**Required work**
Copy nothing but the text: reproduce each line of the listing exactly and leave the pictures out.

**Collected material**
------------------------------------------------------------------------

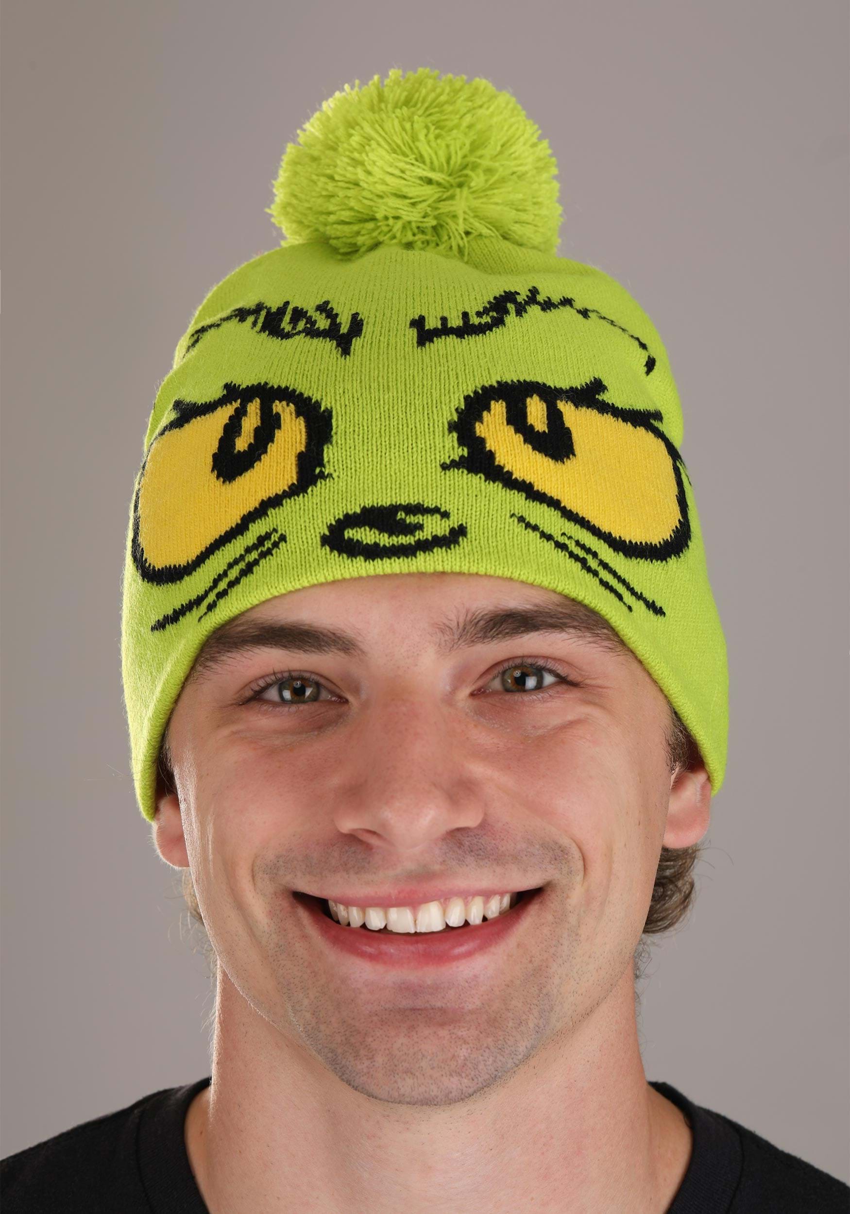- Knitted in Grinch face on front of hat
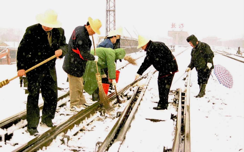 2000年1月31日,为确保春运安全,长沙火车站员工冒雪清扫路轨、检修岔道。新华社记者 龙弘涛 摄
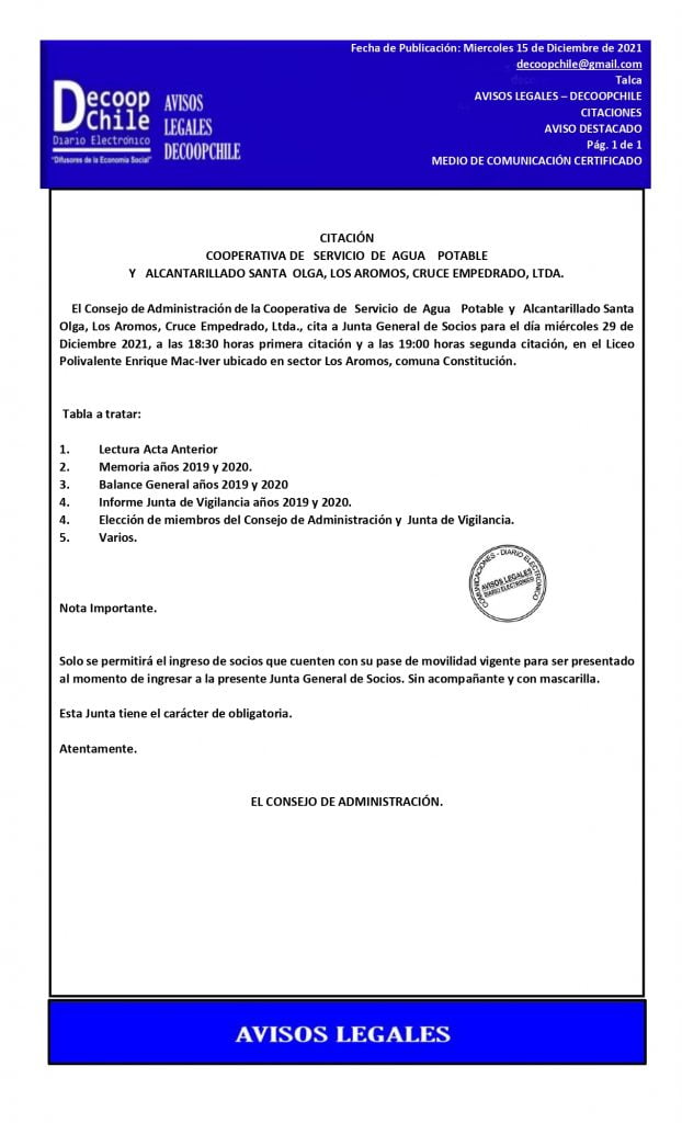 Se cita a Junta General de Socios de la Cooperativa de Servicio de Agua Potable y Alcantarillado Santa Olga, Los Aromos, Cruce Empedrado, Ltda., que se llevara a cabo el próximo 29 de Diciembre de 2021. DESCARGAR PDF

------------------------------------------------------------------------

**Written answer**
- Knitted in Grinch face on front of hat
 2000年1月31日,为确保春运安全,长沙火车站员工冒雪清扫路轨、检修岔道。新华社记者 龙弘涛 摄
 Se cita a Junta General de Socios de la Cooperativa de Servicio de Agua Potable y Alcantarillado Santa Olga, Los Aromos, Cruce Empedrado, Ltda., que se llevara a cabo el próximo 29 de Diciembre de 2021. DESCARGAR PDF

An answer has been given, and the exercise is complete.